The partitioned approach for the numerical integration of power system differential algebraic equations faces inherent numerical stability challenges due to delays between the computation of state and algebraic variables. Such delays can compromise solution accuracy and computational efficiency, particularly in large-scale system simulations. We present an $O(h^2)$-accurate prediction scheme for algebraic variables based on forward and backward difference formulas, applied before the correction step of numerical integration. The scheme improves the numerical stability of the partitioned approach while maintaining computational efficiency. Through numerical simulations on a lightly damped single machine infinite bus system and a large-scale 140-bus network, we demonstrate that the proposed method, when combined with variable time-stepping, significantly enhances the numerical stability, solution accuracy, and computational performance of the simulation. Results show reduced step rejections, fewer nonlinear solver iterations, and improved accuracy compared to conventional approaches, making the method particularly valuable for large-scale power system dynamic simulations.
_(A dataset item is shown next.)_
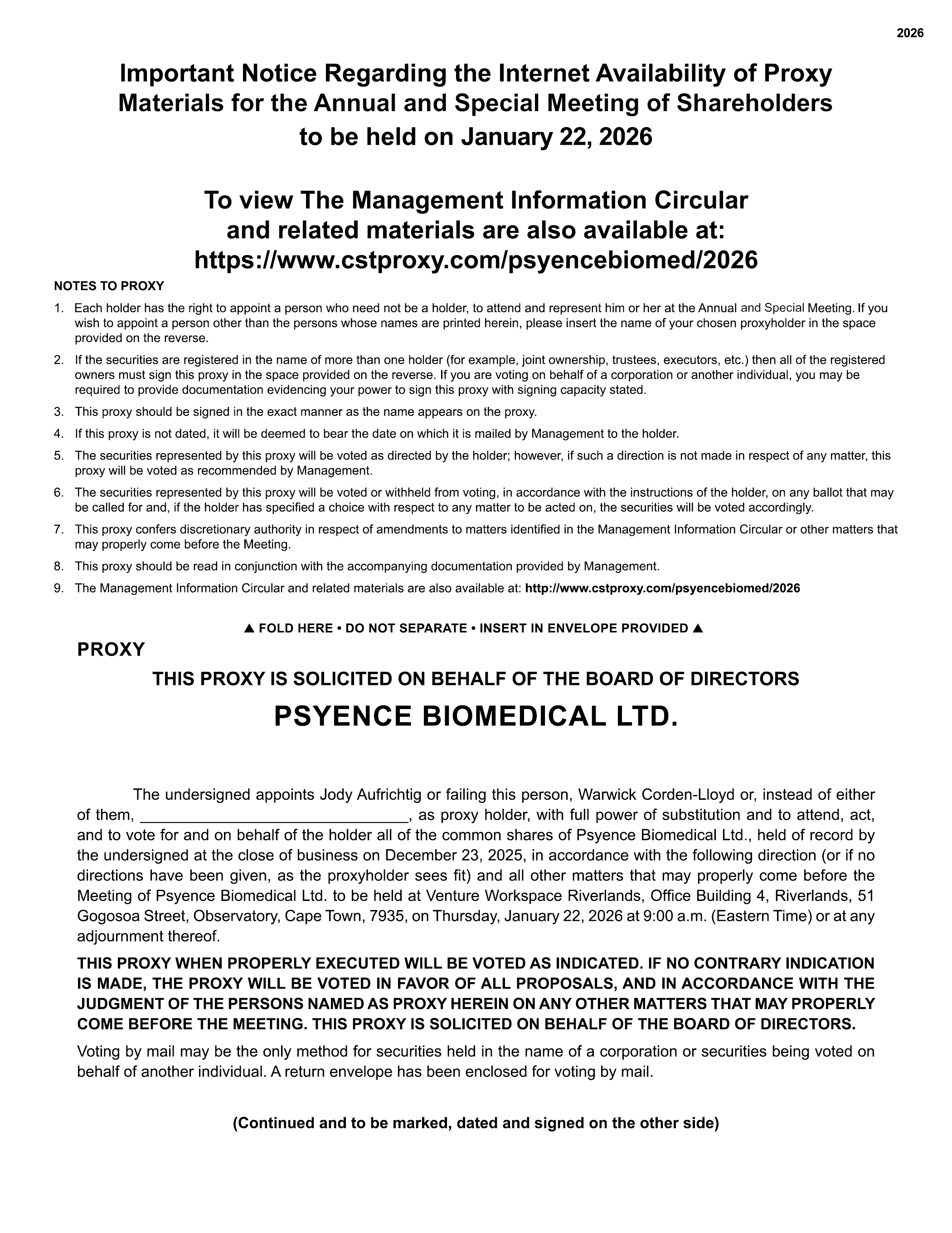 2026 Important Notice Regarding the Internet Availability of Proxy Materials for the Annual and Special Meeting of Shareholders to be held on January 22, 2026 To view The Management Information Circular and related materials are also available at: https://www.cstproxy.com/psyencebiomed/2026 NOTES TO PROXY 1. Each holder has the right to appoint a person who need not be a holder, to attend and represent him or her at the Annual and Special Meeting of Shareholders. If you wish to appoint a person other than the persons whose names are printed herein, please insert the name of your chosen proxyholder in the space provided on the reverse. 2. If the securities are registered in the name of more than one holder (for example, joint ownership, trustees, executors, etc.) then all of the registered owners must sign this proxy in the space provided on the reverse. If you are voting on behalf of a corporation or another individual, you may be required to provide documentation evidencing your power to sign this proxy with signing capacity stated. 3. This proxy should be signed in the exact manner as the name appears on the proxy. 4. If this proxy is not dated, it will be deemed to bear the date on which it is mailed by Management to the holder. 5. The securities represented by this proxy will be voted as directed by the holder; however, if such a direction is not made in respect of any matter, this proxy will be voted as recommended by Management. 6. The securities represented by this proxy will be voted or withheld from voting, in accordance with the instructions of the holder, on any ballot that may be called for and, if the holder has specified a choice with respect to any matter to be acted on, the securities will be voted accordingly. 7. This proxy confers discretionary authority in respect of amendments to matters identified in the Management Information Circular or other matters that may properly come before the Meeting. 8. This proxy should be read in conjunction with the accompanying documentation provided by Management. 9. The Management Information Circular and related materials are also available at: http://www.cstproxy.com/psyencebiomed/2026 FOLD HERE • DO NOT SEPARATE • INSERT IN ENVELOPE PROVIDED PROXY THIS PROXY IS SOLICITED ON BEHALF OF THE BOARD OF DIRECTORS PSYENCE BIOMEDICAL LTD. The undersigned appoints Jody Aufrichtig or failing this person, Warwick Corden-Lloyd or, instead of either of them, , as proxy holder, with full power of substitution and to attend, act, and to vote for and on behalf of the holder all of the common shares of Psyence Biomedical Ltd., held of record by the undersigned at the close of business on December 23, 2025, in accordance with the following direction (or if no directions have been given, as the proxyholder sees fit) and all other matters that may properly come before the Meeting of Psyence Biomedical Ltd. to be held at Venture Workspace Riverlands, Office Building 4, Riverlands, 51 Gogosoa Street, Observatory, Cape Town, 7935, on Thursday, January 22, 2026 at 9:00 a.m. (Eastern Time) or at any adjournment thereof. THIS PROXY WHEN PROPERLY EXECUTED WILL BE VOTED AS INDICATED. IF NO CONTRARY INDICATION IS MADE, THE PROXY WILL BE VOTED IN FAVOR OF ALL PROPOSALS, AND IN ACCORDANCE WITH THE JUDGMENT OF THE PERSONS NAMED AS PROXY HEREIN ON ANY OTHER MATTERS THAT MAY PROPERLY COME BEFORE THE MEETING. THIS PROXY IS SOLICITED ON BEHALF OF THE BOARD OF DIRECTORS. Voting by mail may be the only method for securities held in the name of a corporation or securities being voted on behalf of another individual. A return envelope has been enclosed for voting by mail. (Continued and to be marked, dated and signed on the other side)

翻译：电力系统微分代数方程数值积分的分区方法，由于状态变量与代数变量计算之间的延迟，面临固有的数值稳定性挑战。此类延迟可能损害求解精度与计算效率，在大规模系统仿真中尤为显著。本文提出一种基于前向与后向差分公式的代数变量$O(h^2)$精度预测方案，该方案在数值积分校正步骤前执行。该策略在保持计算效率的同时，显著提升了分区方法的数值稳定性。通过对弱阻尼单机无穷大系统及大规模140节点网络进行数值仿真，证明所提方法结合变步长策略后，能显著增强仿真的数值稳定性、求解精度与计算性能。结果显示，与传统方法相比，该方法减少了步长拒绝次数，降低了非线性求解器迭代次数，并提升了计算精度，使其在大规模电力系统动态仿真中具有重要应用价值。